— О нет. Ты говорил о прообразах, то есть образах, которых нет нигде, кроме как в творческом духе, но которые могут воплощаться материально и становиться видимыми. Задолго до того, как художественный образ станет видимым и обретет существование, он наличествует как образ в душе художника! Так вот, этот образ, этот прообраз как две капли воды похож на то, что древние философы называли идеей.
— Да, это звучит вполне правдоподобно.
— Ну а поскольку ты признаешь себя причастным к идеям и прообразам, ты попадаешь в духовный мир, в наш мир философов и теологов и соглашаешься, что среди запутанно-сложной и болезненной жизни с ее борьбой, среди бесконечного и бессмысленного танца смерти для плотского существования есть творческий дух. Видишь ли, к этому духу в тебе я постоянно обращался, когда ты был мальчиком. Этот дух у тебя не дух мыслителя, а дух художника. Но это дух, и он укажет тебе дорогу из темного хаоса чувственного мира, из вечного качания между наслаждением и отчаянием. Ах, друг, я счастлив услышать от тебя это признание. Я ждал этого — с тех пор, как ты покинул своего учителя Нарцисса и нашел мужество стать самим собой. Теперь мы опять станем друзьями.

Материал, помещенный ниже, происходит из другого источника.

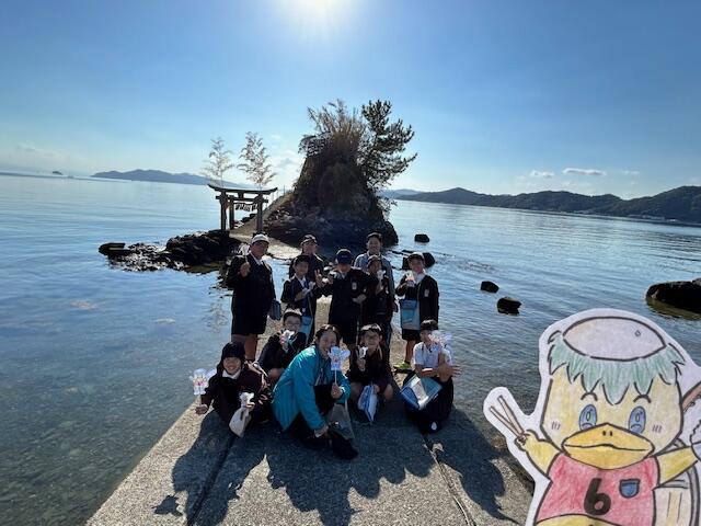 総合的な学習の時間に6年生は、青年団の猪原さん・樫原さんと一緒に実際に栖本を歩きながら栖本のよさや歴史を探しました。6年生10人でアイディアを出し合い作成したキャラクター「カッピー」と共に思い思いの構図で写真に収めました。

За этот час Гольдмунду показалось, что жизнь его обрела смысл, что он посмотрел на нее как бы сверху, увидев три важные ступени: зависимость от Нарцисса и освобождение от нее — время свободы и странствий — и возвращение, углубление в себя, начало зрелости и подведения итогов.
Видение исчезло. Но теперь он нашел подобающее отношение к Нарциссу, отношение не зависимости, но свободы и равенства. Отныне он без униженности перед его превосходящим духом мог бы быть его гостем, так как тот признал в нем равного, творца. Показать ему себя, свой внутренний мир в художественных произведениях — этому он радовался с возрастающей силой. Но иногда у него возникали и сомнения.

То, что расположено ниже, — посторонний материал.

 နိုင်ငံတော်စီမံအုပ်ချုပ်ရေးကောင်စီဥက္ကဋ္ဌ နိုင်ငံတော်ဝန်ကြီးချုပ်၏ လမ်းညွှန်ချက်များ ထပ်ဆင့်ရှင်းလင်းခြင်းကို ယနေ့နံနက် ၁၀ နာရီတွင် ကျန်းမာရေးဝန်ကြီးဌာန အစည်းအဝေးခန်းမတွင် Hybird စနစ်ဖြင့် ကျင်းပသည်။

— Нарцисс, — предупредил он, — я боюсь, ты не знаешь, кого, собственно, везешь в свой монастырь. Я не монах и не хочу им стать. Я, правда, знаю три великих обета и с бедностью охотно мирюсь, но я не люблю ни целомудрия, ни послушания; эти добродетели кажутся мне недостойными мужчины. А от прежней набожности у меня ничего не осталось, я вот уже сколько лет не исповедовался, не молился, не причащался.

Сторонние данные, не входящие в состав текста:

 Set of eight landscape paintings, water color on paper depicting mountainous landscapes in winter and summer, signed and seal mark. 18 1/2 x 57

Нарцисс остался невозмутим.
— Ты, кажется, стал язычником. Но это не страшно. Своими многочисленными грехами не следует гордиться. Ты вел обычную мирскую жизнь, ты как блудный сын пас свиней, ты уже не знаешь, что такое закон и порядок. Конечно, из тебя вышел бы очень плохой монах. Но ведь я приглашаю тебя совсем не для того, чтобы ты вступил в орден; я приглашаю тебя, чтобы ты просто был нашим гостем и устроил себе у нас мастерскую. И еще одно: не забывай, что тогда, в наши юношеские годы, именно я разбудил тебя и побудил уйти в мир. Хорошим или плохим стал ты, за это наряду с тобой несу ответственность и я. Я хочу видеть, что же из тебя вышло; ты покажешь мне это словами, жизнью, своими произведениями. Когда ты это сделаешь и если я увижу, что наш монастырь не место для тебя, я первый же попрошу тебя покинуть его.
На этот раз полон восхищения был Гольдмунд, услышав своего друга говорящим так, выступившим как настоятель, со скрытой уверенностью и неким налетом иронии по отношению к людям мира и мирской жизни, потому что только теперь ему стало очевидно, что вышло из Нарцисса: мужчина. Правда, муж духа и церкви, с нежными руками и лицом ученого, но мужчина, полный уверенности и мужества, руководитель, тот, кто несет ответственность. Этот мужчина Нарцисс уже не был больше юношей той поры и мягким проникновенным апостолом Иоанном, и этого нового Нарцисса, этого мужественного рыцаря ему хотелось изобразить своими руками. Много фигур ждало его: Марцисс, настоятель Даниил, патер Ансельм, мастер Никлаус, прекрасная Ревекка, красивая Агнес и еще немало других, друзей и врагов, живых и мертвых. Нет, он не собирался становиться ни членом ордена, ни набожным, ни ученым, он хотел творить; и то, что бывшая колыбель его юности станет родиной его произведений, делало его счастливым.